WHAT THE TASK ASKS: Reproduce only the lines below from the line containing "礼仪小姐端着刚采摘的蟠桃请游客品尝。亚心网记者 邓莉 摄" to the line containing "萌点 | 妖精、掌上娘、歌姬、姐姐、黑色皮肤、发饰、人字刘海、超长发、额饰、项圈、泡泡袖、分离袖子、广袖、热裤、过膝靴、高跟鞋", exactly as written, with both end lines kept. Omit the pictures.

RECORDS SUPPLIED:
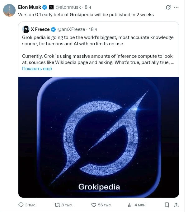 Илон Маск пообещал, что через пару недель покажет прототип Грокипедии, "самый точный источник знаний для людей и ИИ".
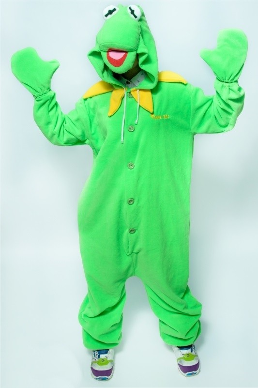 Кигуруми Лягушонка Кермита представляет собой образ одного из героев из известного Маппет Шоу. Кигуруми выполнен из мягкого плюшевого материала зеленого цвета. Кигуруми на пуговицах, на капюшоне затяжные белые шнурки. Капюшон выполнен в виде забавной мордочки лягушки Кермита. К рукавам крепятся съемные варежки.
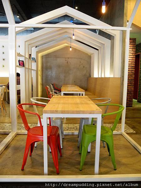 店內設計的像是房中房,好多一格格的小房子支架,很有趣。
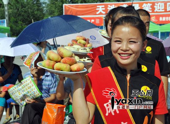 礼仪小姐端着刚采摘的蟠桃请游客品尝。亚心网记者 邓莉 摄
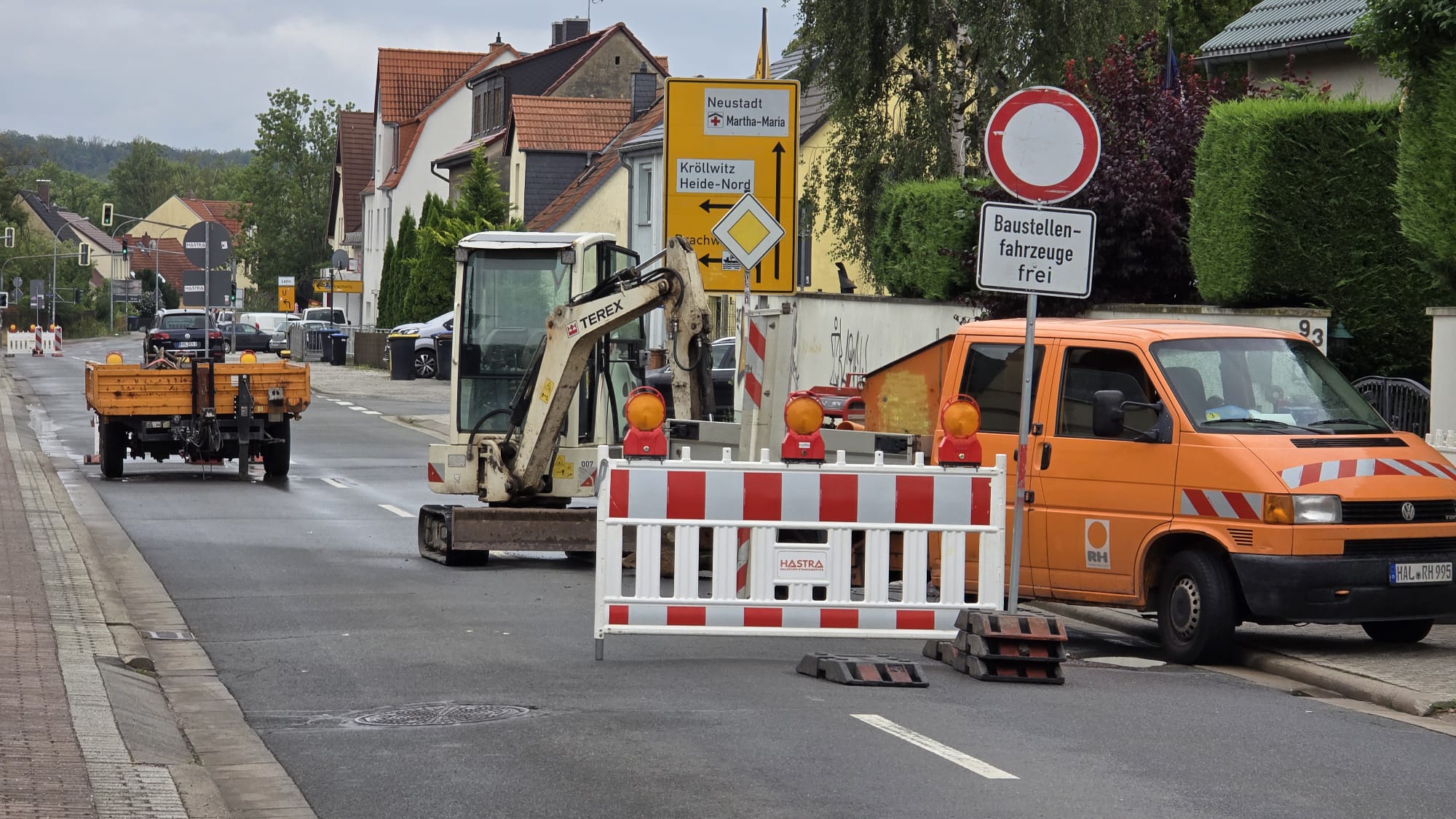 In Halle Dölau ist die Salzmünder Straße zwischen Neuragoczystraße und Am Sonnenhang gesperrt. Hier muss die Fahrbahn nach einem Leitungsschaden aufgerissen werden.
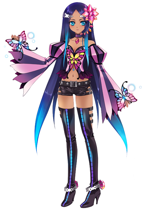 | 萌点 | 妖精、掌上娘、歌姬、姐姐、黑色皮肤、发饰、人字刘海、超长发、额饰、项圈、泡泡袖、分离袖子、广袖、热裤、过膝靴、高跟鞋 |
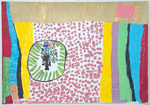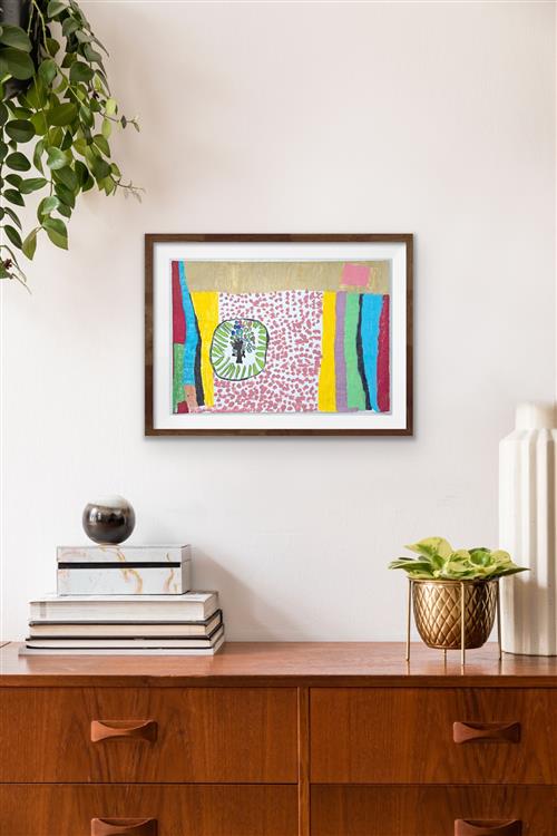 Fiona Longhurst is an established artist whose work is characterised by sensitive use of colour and illustrative pattern making. Her compositions, often layered with text, are playful while maintaining a harmonious balance of intricate detail and quiet space. You get the sense that her hand is moving fluidly across the paper as the work is ardently constructed. Not titled 2019 presents more of a considered, formal structure; however, the artwork has stayed true to her whimsical style. Longhurst has worked at Arts Project Australia since 1991. She has been included in numerous group exhibitions in Australia, USA and Belgium and her work is held in private collections in Australia.
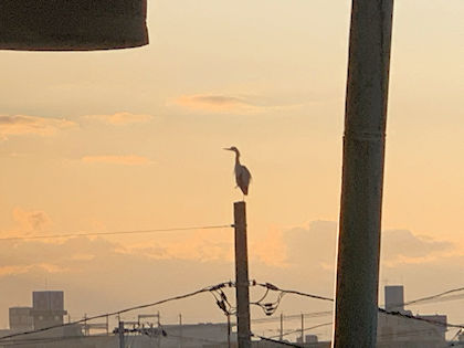 元旦の朝日を浴びながら大きな白い鳥が飛んできて、本堂近くの電柱の頂上にとまったのである。首を大きく伸ばし片足で立ち、何か今年の吉兆を感じさせる光景であった。
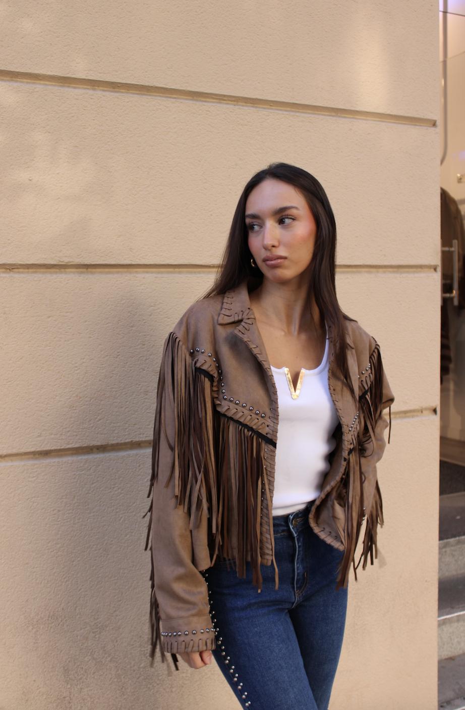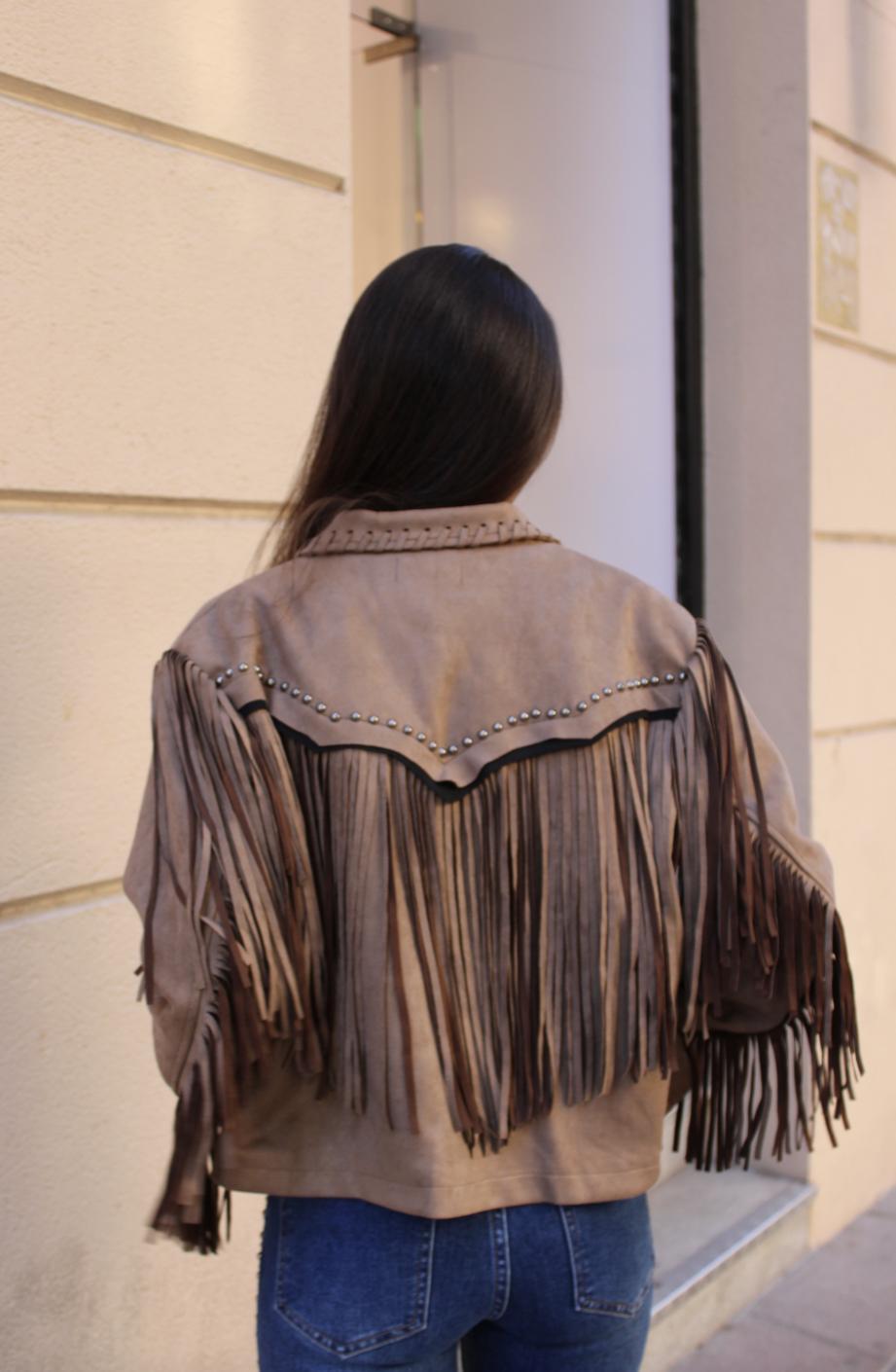 Chaqueta de ante con flecos en mangas y pecho. En color marron con tachuelas.
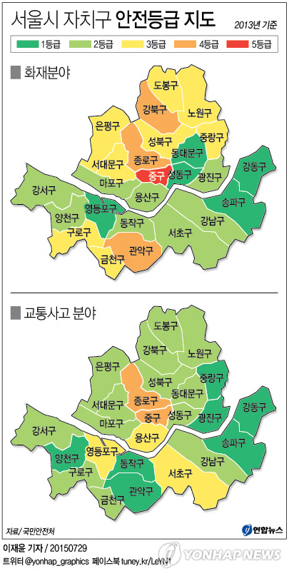 한편, 강동구와 송파구는 화재 분야와 교통사고 분야에서 모두 1등급을 받아 다른 자치구에 비해 안전 수준이 높았다고 안전처는 설명했다.
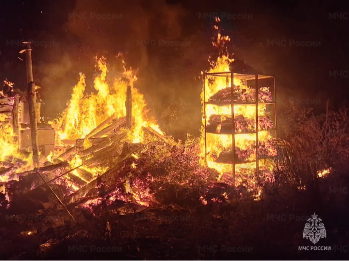 Огнем полностью уничтожено деревянное здание, расположенное у частного дома на улице Весенней.
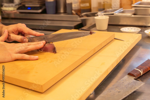 Chef Slicing Seared Tuna with Japanese Knife on Cutting Board in Restaurant Kitchen
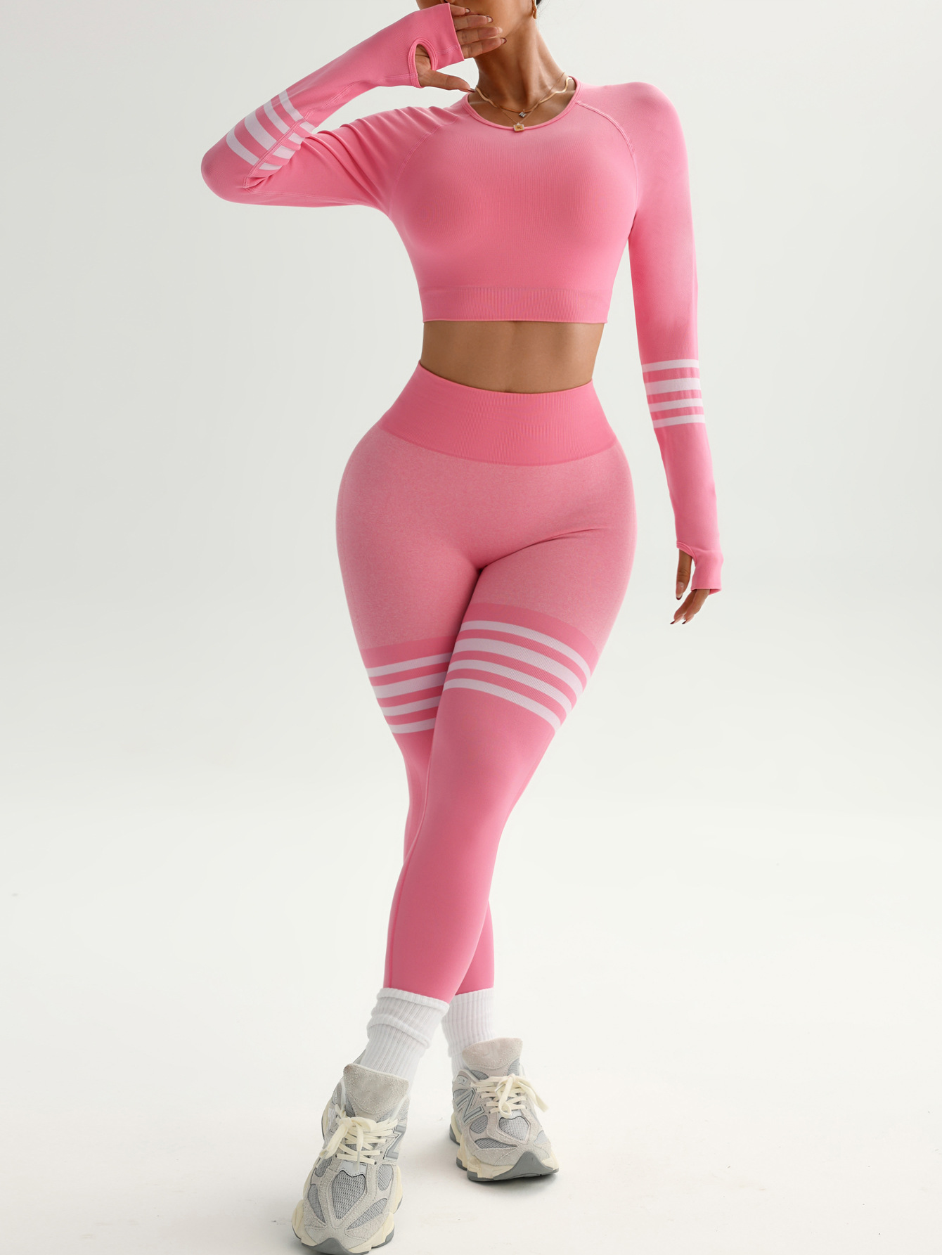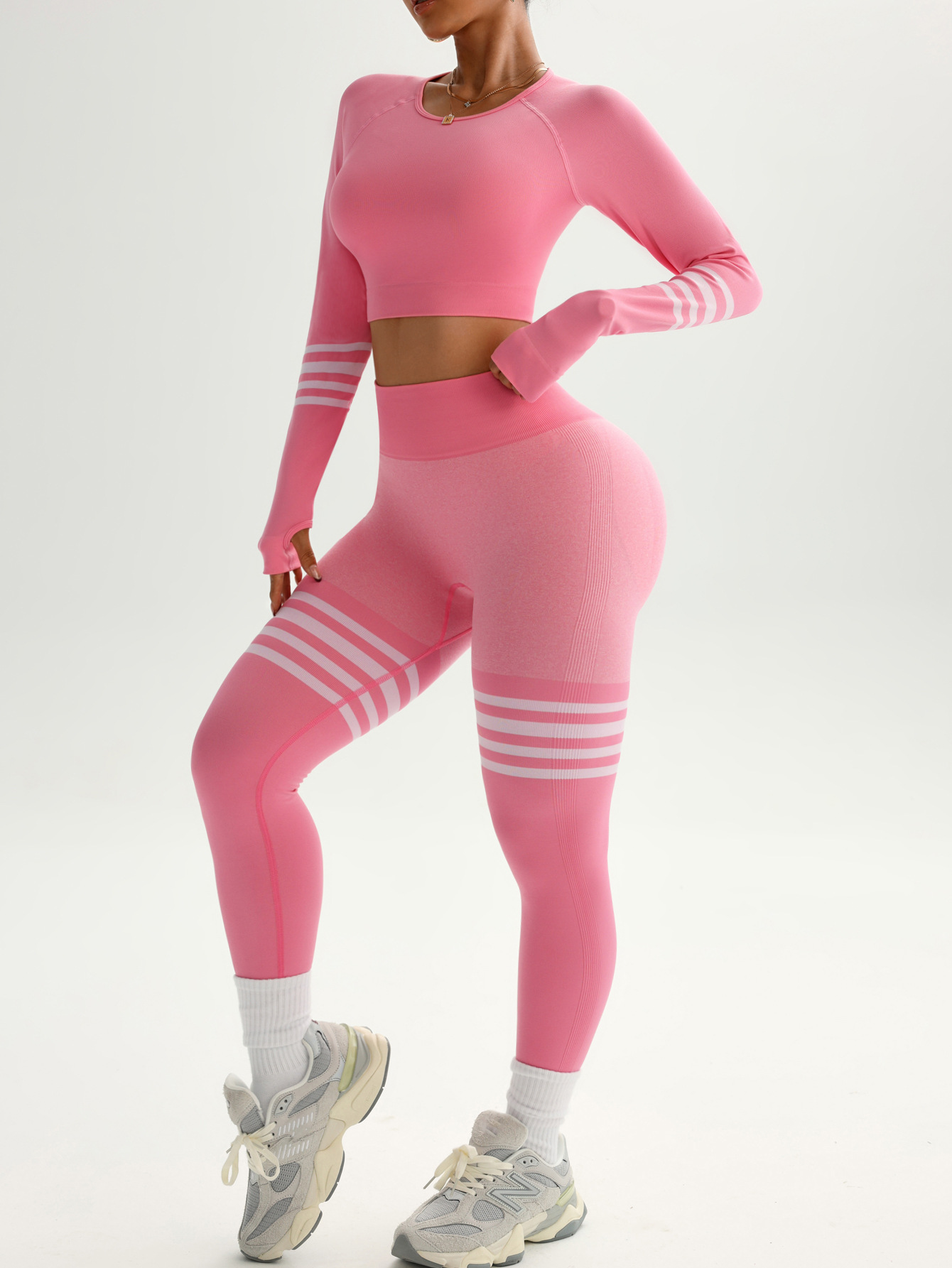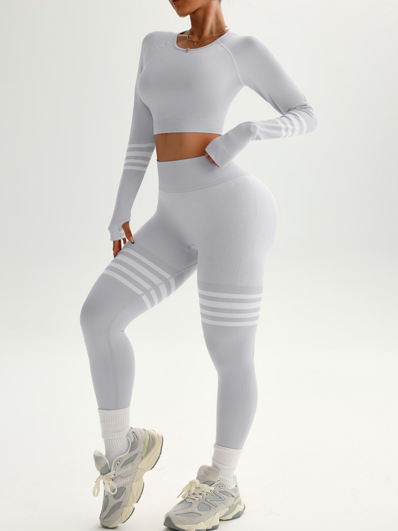 여성용 스팟 크로스보더 요가복 세트, 스트라이프 복부 조절 운동복, 긴팔 상의, 전문 러닝 피트니스복스토어 가기

ANSWER FOR THE TASK:
 礼仪小姐端着刚采摘的蟠桃请游客品尝。亚心网记者 邓莉 摄
 In Halle Dölau ist die Salzmünder Straße zwischen Neuragoczystraße und Am Sonnenhang gesperrt. Hier muss die Fahrbahn nach einem Leitungsschaden aufgerissen werden.
 | 萌点 | 妖精、掌上娘、歌姬、姐姐、黑色皮肤、发饰、人字刘海、超长发、额饰、项圈、泡泡袖、分离袖子、广袖、热裤、过膝靴、高跟鞋 |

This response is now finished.